Les communes assurant des charges de centralité sont davantage fragilisées. Je me réjouis de l'adoption cet été du filet de sécurité et je tiens à remercier les sénatrices et les sénateurs d'avoir enrichi le dispositif adopté par l'Assemblée nationale. Le décret d'application sera publié dans les prochains jours. Les premiers acomptes seront versés durant le mois de novembre aux communes éligibles à ce dispositif - soit environ 25 % d'entre elles. La hausse des dépenses d'énergie et d'alimentation sera prise en charge à hauteur de 70 %. Le soutien pour faire face à l'augmentation des charges de la masse salariale pourra aller jusqu'à 50 %.

Indexer la dotation globale de fonctionnement (DGF) serait irréaliste. Durant le quinquennat de François Hollande, cette pratique avait justifié les coupes claires qui avaient ensuite été décidées par le gouvernement. Comme je l'expliquais ce matin à M. André Laignel, il serait difficile de retirer demain aux collectivités locales un filet de sécurité indexé sur l'inflation si notre pays entrait en récession. Nous privilégions l'accompagnement des collectivités qui en ont le plus besoin.

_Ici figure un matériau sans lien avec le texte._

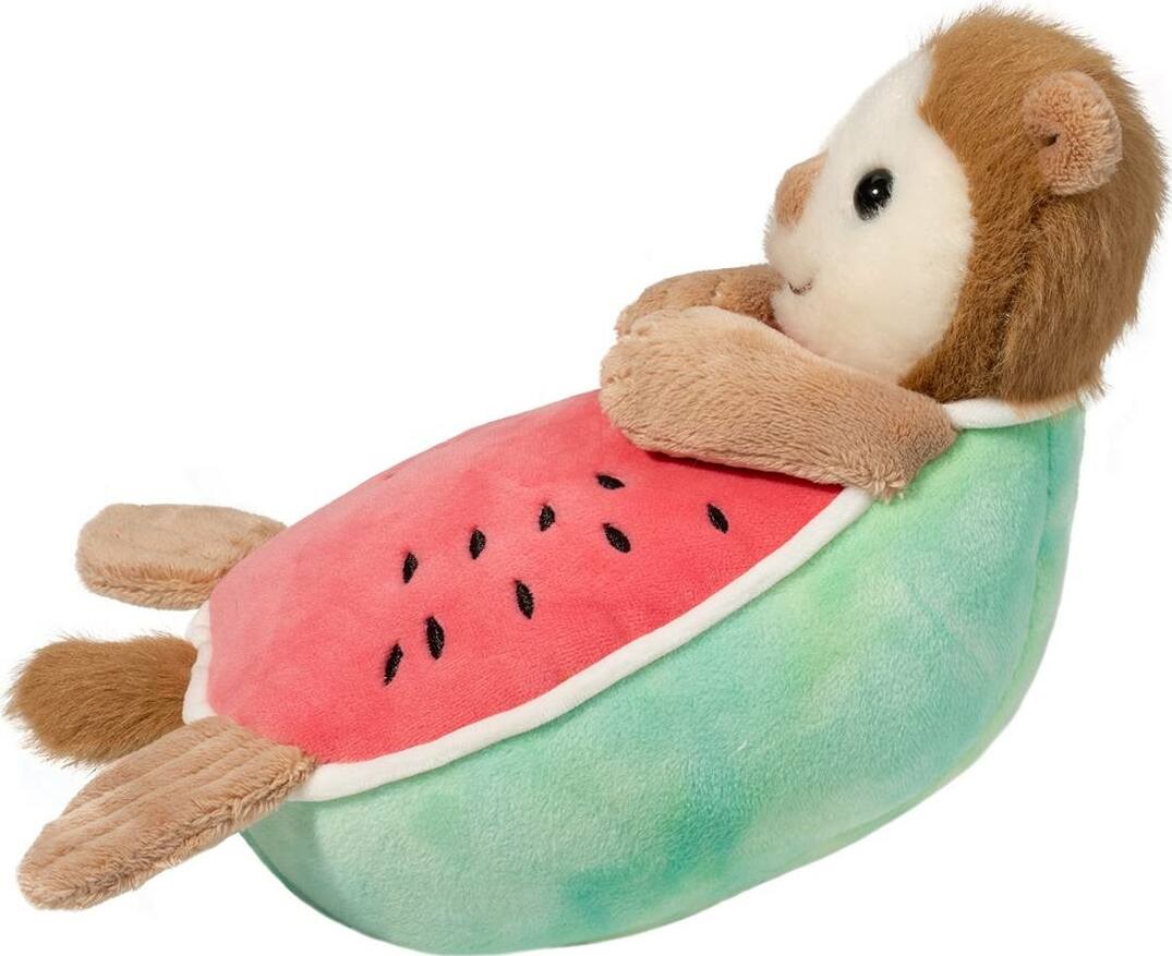 Everybody’s heard of watermelons but you might not have heard of the less common Otter Melon! This whimsical Foodie Macaroon stuffed animal features a playful combination of cuddly marine mammal and sweet, summer snack! Our Otter Melon is posed on his back and resting on the green rind of the melon. Cheery red fruit flecked with black watermelon seeds make up our adorable Sea Otter’s belly as he peers out with an endearing expression. Fantastically silky polyester fill and velvety textured plush materials ensure this lighthearted personality to be a squeezably soft companion. Tote this extraordinary plush Otter Melon along to your next summer party and he’s sure to be a hit!

L'année prochaine, nous pourrons adapter ce dispositif en fonction des résultats constatés en 2022.

Et pour répondre à la question de Christine Lavarde, nous allons en effet adapter le texte qui vous est transmis aujourd'hui à la suite des « dialogues de Bercy ». Nous n'avons pas eu le temps d'indiquer dans le texte initial que nous allions abonder la DSU et la DSR de 210 millions d'euros. Très concrètement, cela représente 90 millions d'euros sur la DSU, 90 millions d'euros sur la DSR et 30 millions d'euros pour les intercommunalités.

Si nous ne prenions pas cette mesure, deux tiers des communes verraient, du fait des règles de la péréquation, leur DGF baisser l'an prochain, alors même que l'enveloppe globale est stable et sanctuarisée depuis 2017. Avec cette mesure en revanche, 70 % des communes verront leur DGF augmenter l'an prochain. Cette garantie a été qualifiée d'historique, y compris par des spécialistes du sujet et nous réfléchissons ainsi à renforcer la DSR péréquation.

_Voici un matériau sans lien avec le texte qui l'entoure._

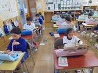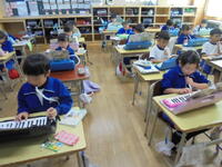 ★2年1組「音楽」では、みんな夢中になって「鍵盤ハーモニカ」の練習に取り組んでいました。
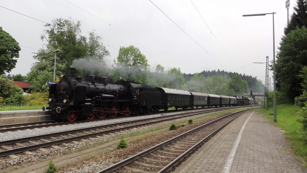 Eine hochinteressante Garnitur stellte der Überführungszug dar, der am 17.05.2013 von der ÖGEG in Ampflwang nach Bad Endorf gebracht wurde. 38 1301 wurde mit den 5 Wagen dahinter an den folgenden Pfingstfeiertagen auf der Lokalbahn Endorf-Obing (LEO) eingestzt und an diesem Tag bereits nach Obing überführt. 01 1533 fuhr mit ihrem einen Wagen weiter nach Augsburg.
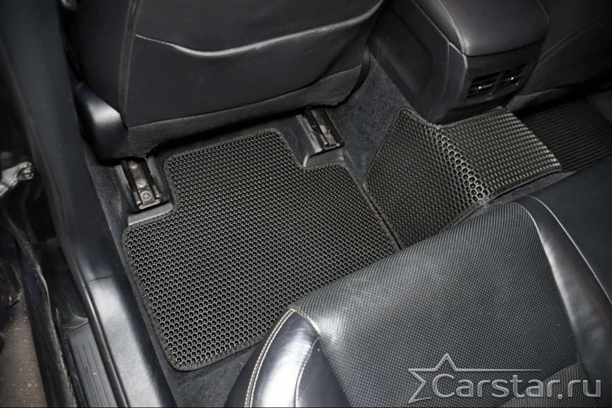 Толщина ковриков EVA составляет 10-12 мм. Глубина ячеек 7-8 мм. Такая толщина ковриков позволяет им служить довольно долго, не протираясь до 3 лет. А благодаря такой глубине ячеек коврик EVA площадью 1 кв.м. способен захватить около 3,5 л жидкости, сохраняя в чистоте вашу обувь и обивку салона.

M. Mizzon a demandé si, dans le cadre de l'actualisation des valeurs locatives, les commissions devaient poursuivre leurs travaux. La réponse est oui : ce travail est utile, ne serait-ce que parce que les premières remontées des commissions départementales nous ont permis de faire une forme de synthèse et d'arriver à la conclusion qu'il fallait suspendre l'application de la réforme.

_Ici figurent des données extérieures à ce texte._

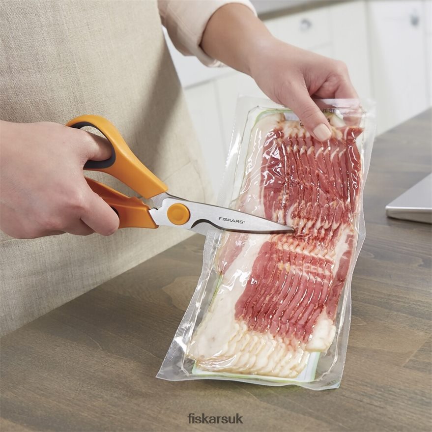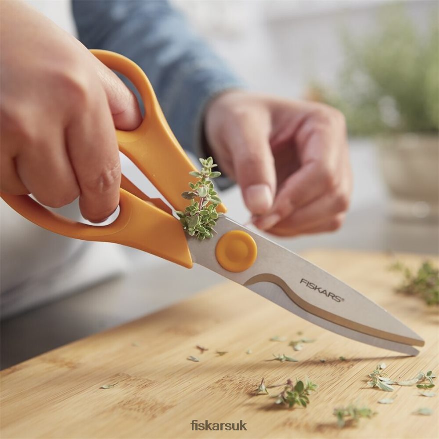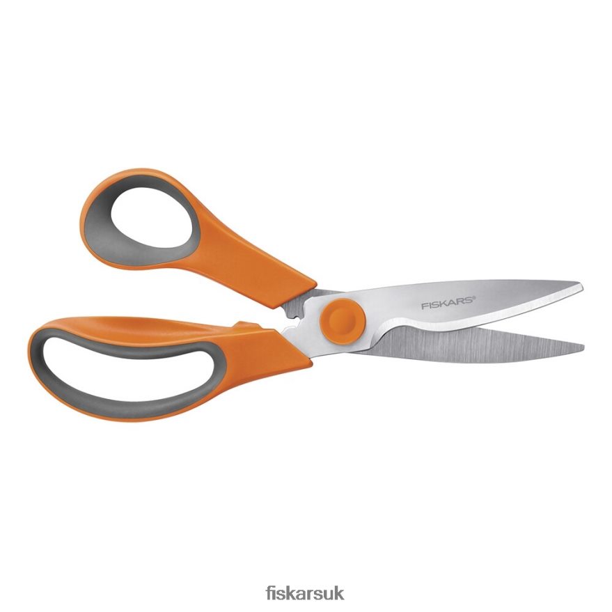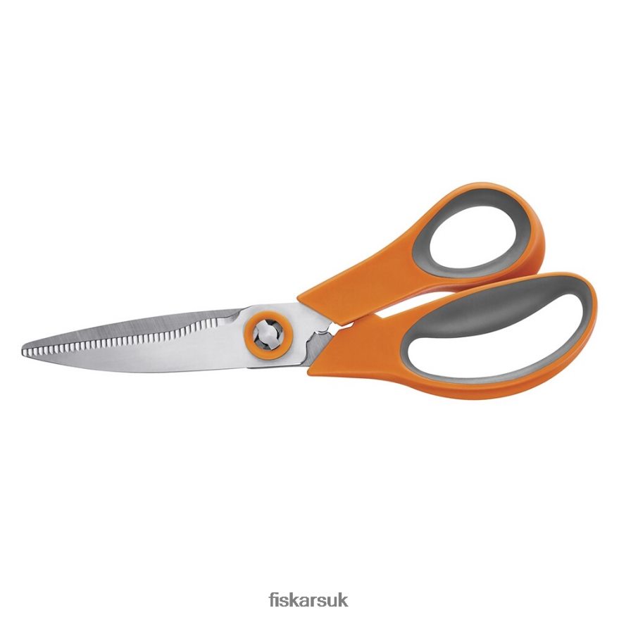 Ever made an entire meal with just one tool Allow us to introduce the kitchen’s ultimate jack-of-all-trades. Whether you’re stripping stems, chopping vegetables, opening packaging or cutting meat, these all-purpose shears go from one task to the next without complaining. A serrated blade edge grips for precision no matter what you’re cutting, and sculpted handle loops with Softgrip touchpoints bring Fiskars’ hallmark comfort to every use. Plus, a take-apart, dishwasher-safe design makes post-meal cleanup a cinch.UseCare

En effet, ces synthèses affichaient des hausses de fiscalité de plus de 40 % pour les commerces de centre-ville et des baisses de 40 % pour des hypermarchés de périphérie. Quand bien même on appliquerait des mesures correctives - plafonnement, « planchonnement », lissage, etc. -, on arriverait toujours à +15 % pour le centre-ville et -15 % pour la périphérie. La décision a donc été prise - c'est aussi l'intérêt des « dialogues de Bercy » - de suspendre l'actualisation.

Tant que le système restera basé sur les valeurs locatives, la valeur locative au mètre carré en centre-ville sera supérieure, par définition, à celle de la périphérie. Aussi, j'estime qu'il convient probablement de réinterroger le modèle et les critères. Certains évoquent la valeur vénale, d'autres le chiffre d'affaires au mètre carré sur les dernières années. Voilà un beau de sujet de débat et de travail en commun qui pourrait nous permettre d'imaginer un système plus efficace, qui ne pénalise pas l'activité économique en centre-ville.

En ce qui concerne la CVAE, je ferai remarquer que la fraction de TVA est plus dynamique que la CVAE : ces dernières années, les recettes de TVA ont ainsi progressé davantage que les recettes de CVAE. Au travers de cette compensation, les collectivités sont donc gagnantes. Par ailleurs, la fraction de TVA est moins volatile que ne le sont les recettes de CVAE, qui varient beaucoup d'une année sur l'autre. L'exemple le plus édifiant est celui des collectivités disposant sur leur territoire d'un réacteur nucléaire à l'arrêt pour maintenance. La commune de Civaux, dans la Vienne, verra ainsi son montant de CVAE passer de 3,8 millions d'euros cette année à 53 000 euros l'année prochaine. Avec le système que nous proposons - suppression de la CVAE et compensation -, aucune commune ne pourra voir, par définition, sa CVAE baisser à l'avenir. Au mieux cette dernière sera stable et s'il existe une activité économique, elle augmentera. Cette garantie me semble intéressante.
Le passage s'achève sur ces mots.